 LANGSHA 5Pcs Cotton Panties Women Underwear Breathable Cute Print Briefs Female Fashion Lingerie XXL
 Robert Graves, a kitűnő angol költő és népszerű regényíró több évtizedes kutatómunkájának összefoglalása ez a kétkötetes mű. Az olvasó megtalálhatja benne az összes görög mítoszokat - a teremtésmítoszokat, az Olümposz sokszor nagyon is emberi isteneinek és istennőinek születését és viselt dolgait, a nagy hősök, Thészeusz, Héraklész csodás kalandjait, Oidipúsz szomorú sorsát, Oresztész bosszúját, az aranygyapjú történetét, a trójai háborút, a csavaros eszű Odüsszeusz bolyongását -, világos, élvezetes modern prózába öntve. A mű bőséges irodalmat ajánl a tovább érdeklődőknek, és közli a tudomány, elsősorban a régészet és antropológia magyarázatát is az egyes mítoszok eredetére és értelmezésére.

━━━━

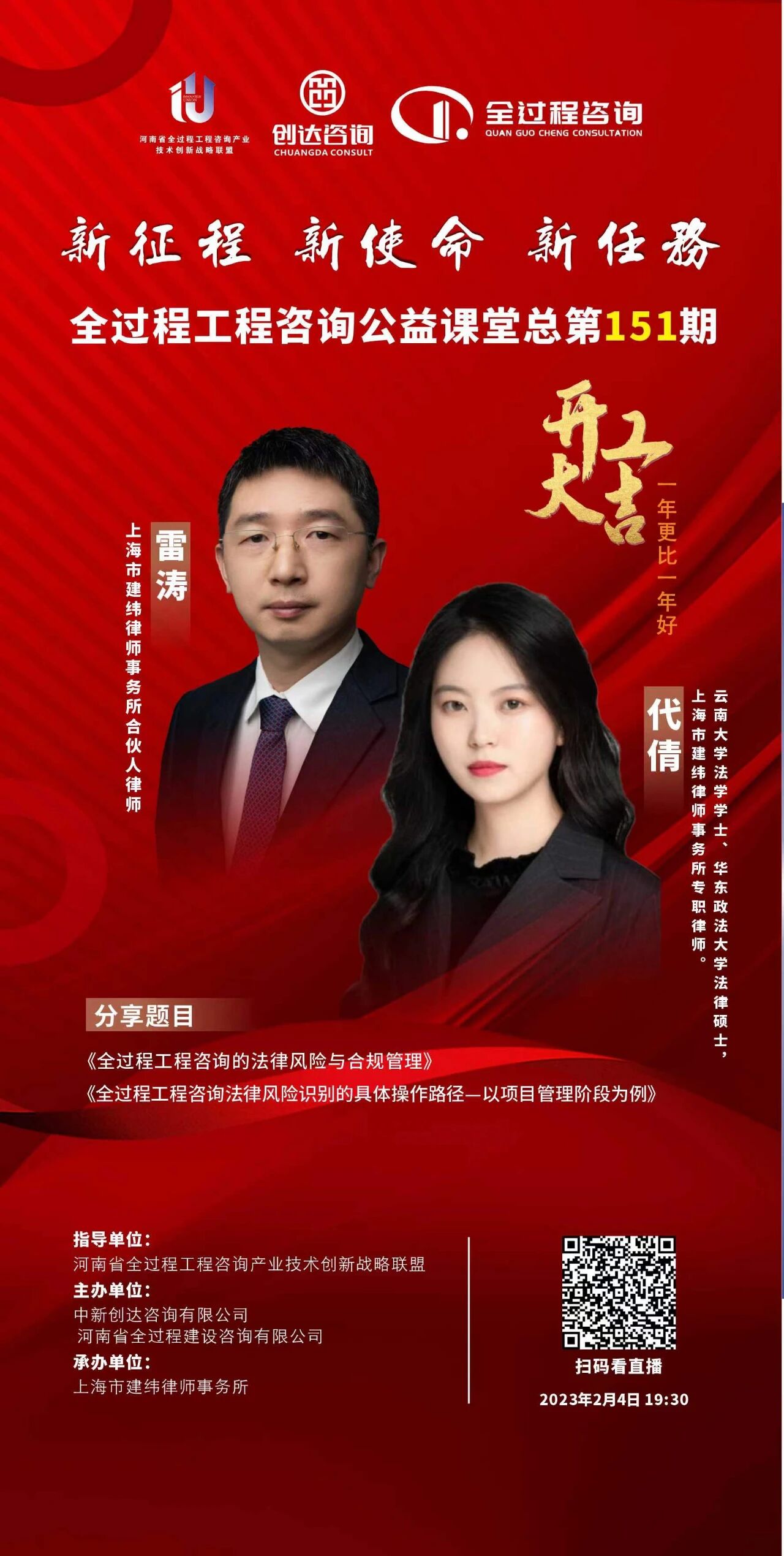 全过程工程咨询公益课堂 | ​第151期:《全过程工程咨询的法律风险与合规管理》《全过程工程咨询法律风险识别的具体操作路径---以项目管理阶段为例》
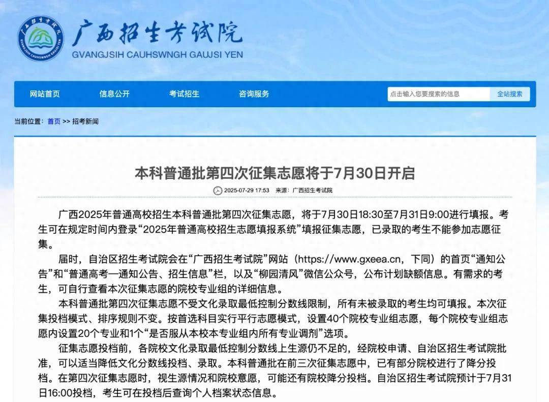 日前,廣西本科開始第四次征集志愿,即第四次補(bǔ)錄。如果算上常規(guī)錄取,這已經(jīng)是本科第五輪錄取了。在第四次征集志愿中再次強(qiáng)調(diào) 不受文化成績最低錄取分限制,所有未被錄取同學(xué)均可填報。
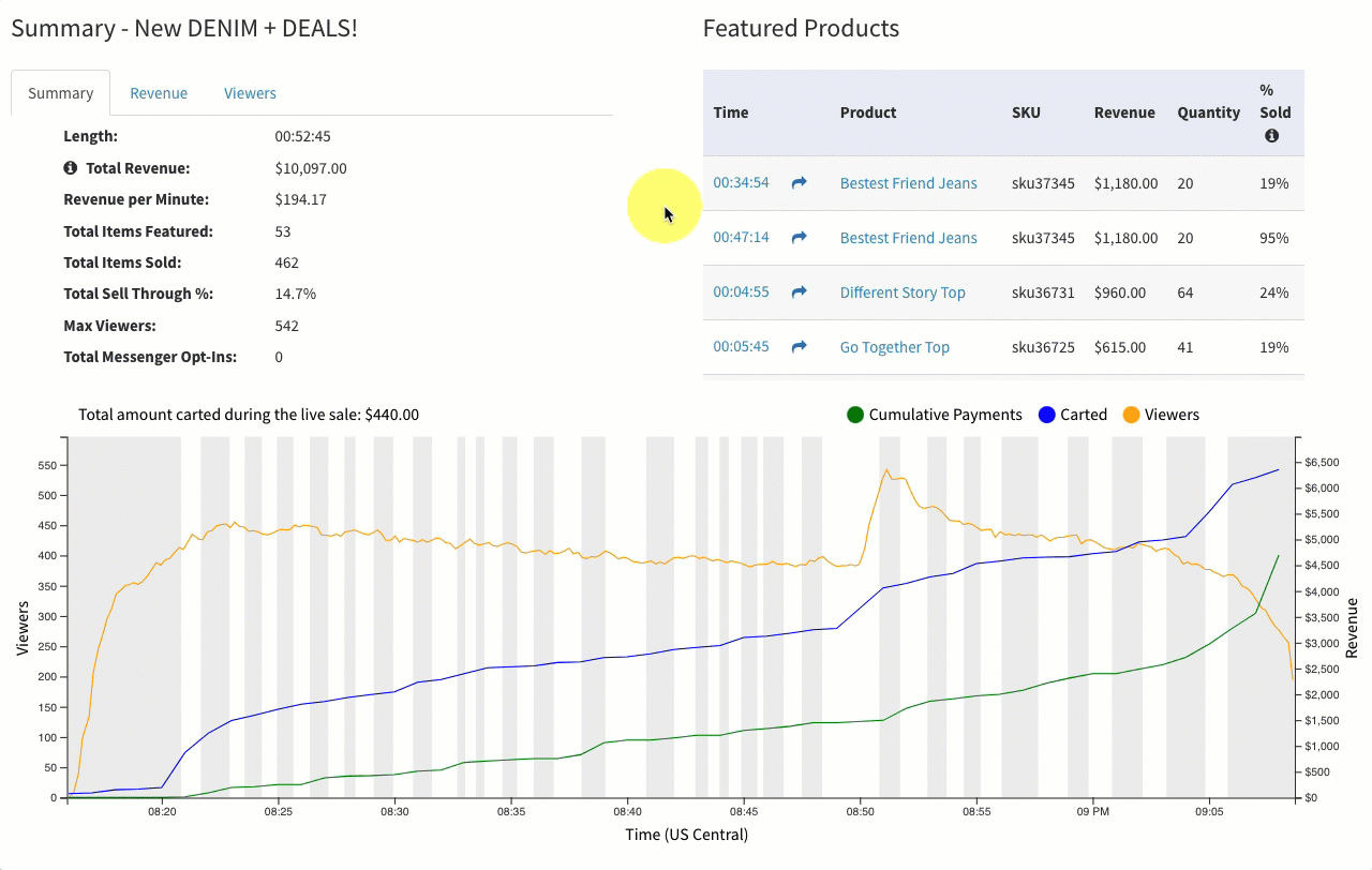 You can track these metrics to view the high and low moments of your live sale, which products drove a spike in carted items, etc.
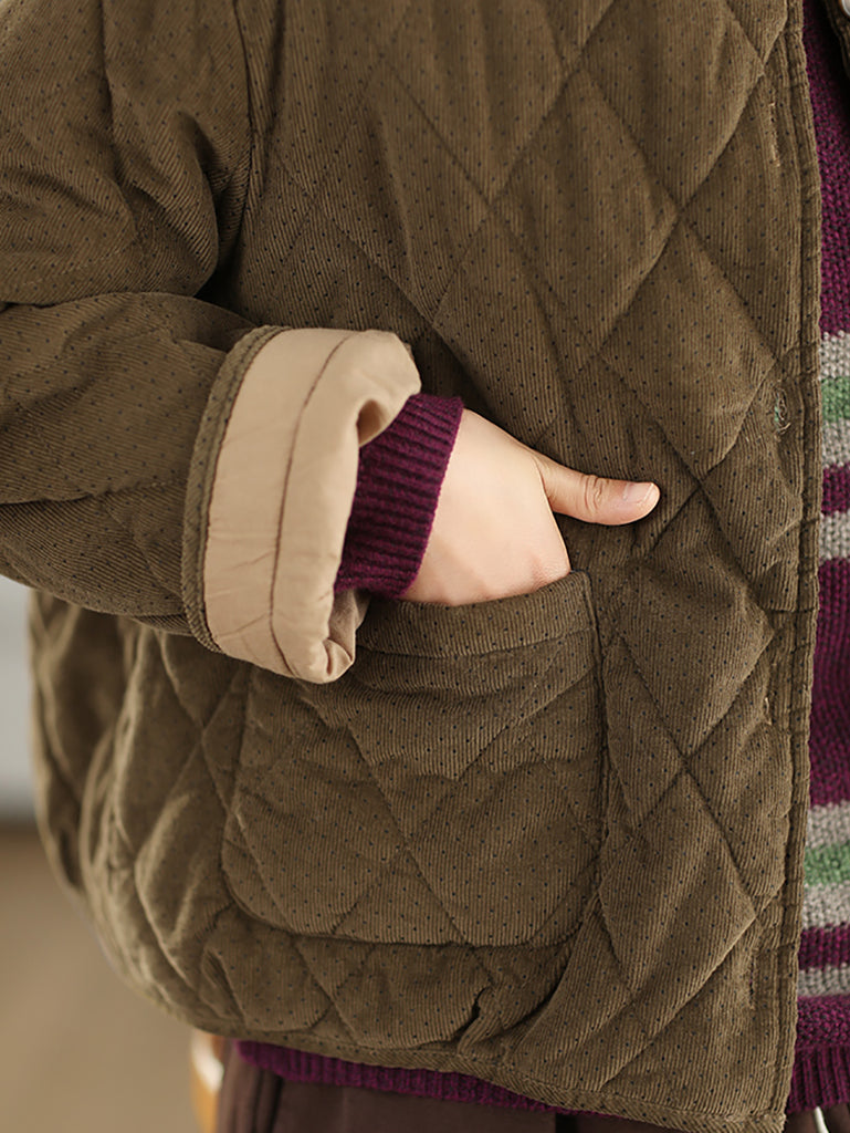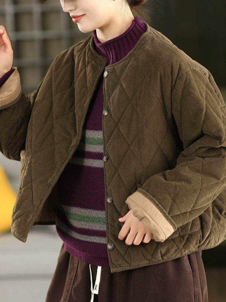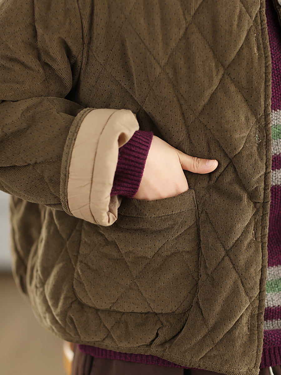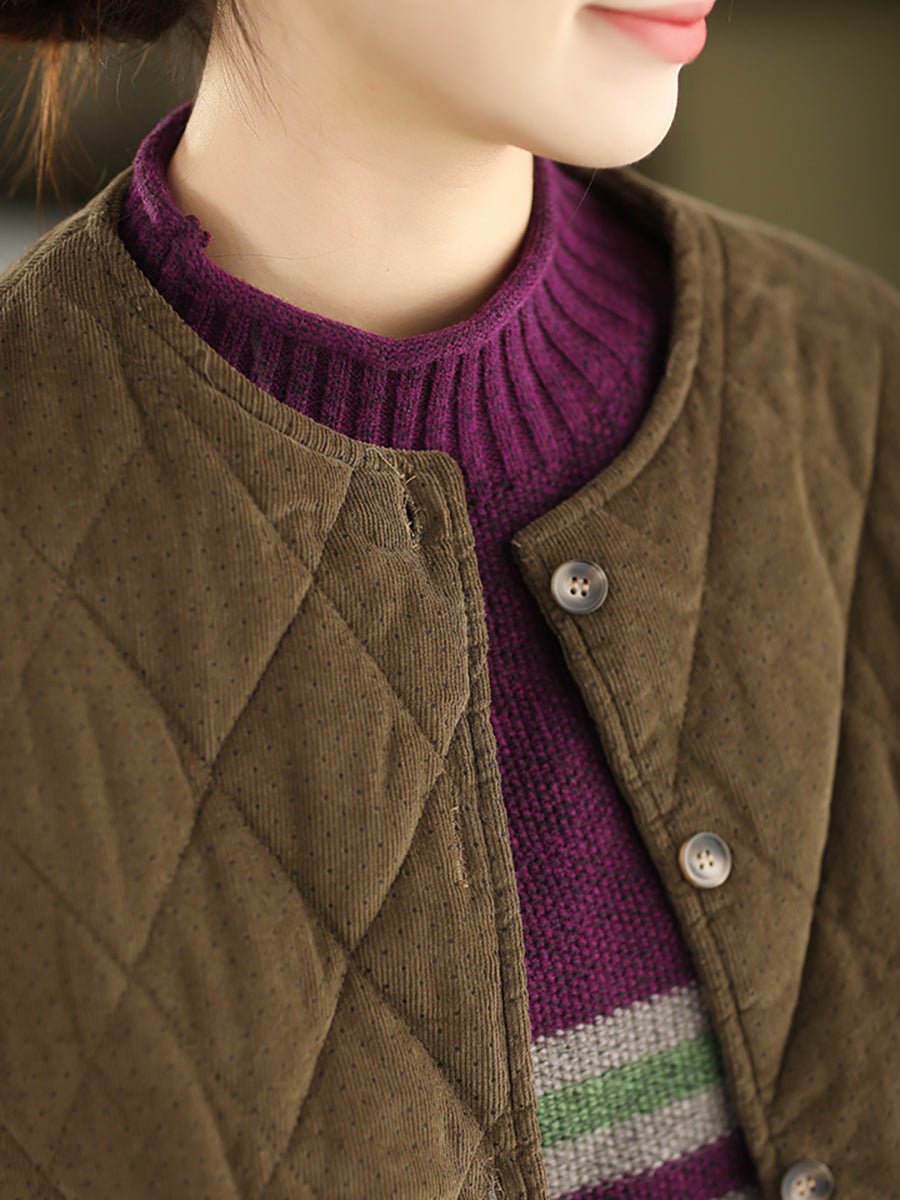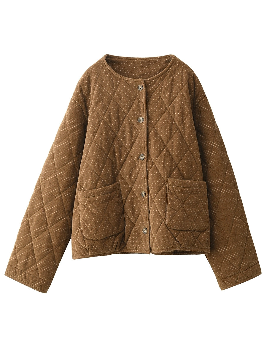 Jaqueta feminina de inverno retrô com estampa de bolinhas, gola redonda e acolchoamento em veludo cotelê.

━━━━

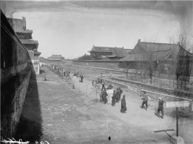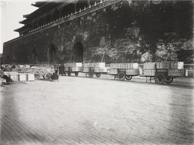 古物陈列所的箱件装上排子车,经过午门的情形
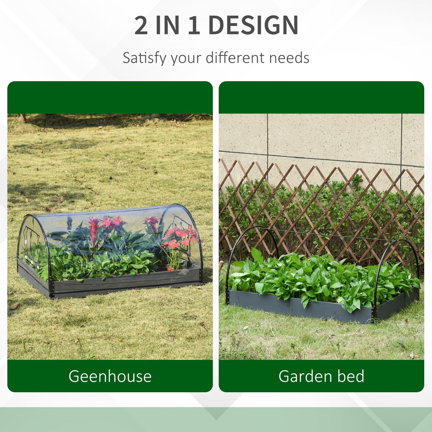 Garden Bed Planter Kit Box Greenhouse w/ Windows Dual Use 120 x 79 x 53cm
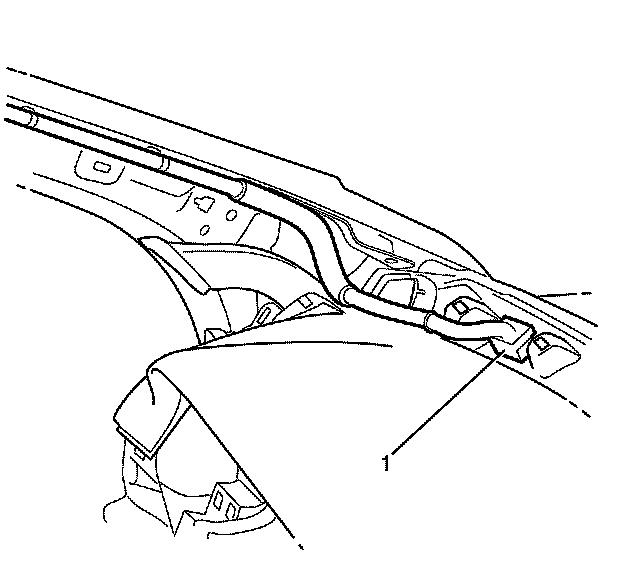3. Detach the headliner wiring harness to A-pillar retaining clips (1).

━━━━

In the records above, find the line containing "古物陈列所的箱件装上排子车,经过午门的情形" and the line containing "3. Detach the", then give both of them again word for word along with every line between. Omit any pictures.

 古物陈列所的箱件装上排子车,经过午门的情形
 Garden Bed Planter Kit Box Greenhouse w/ Windows Dual Use 120 x 79 x 53cm
3. Detach the headliner wiring harness to A-pillar retaining clips (1).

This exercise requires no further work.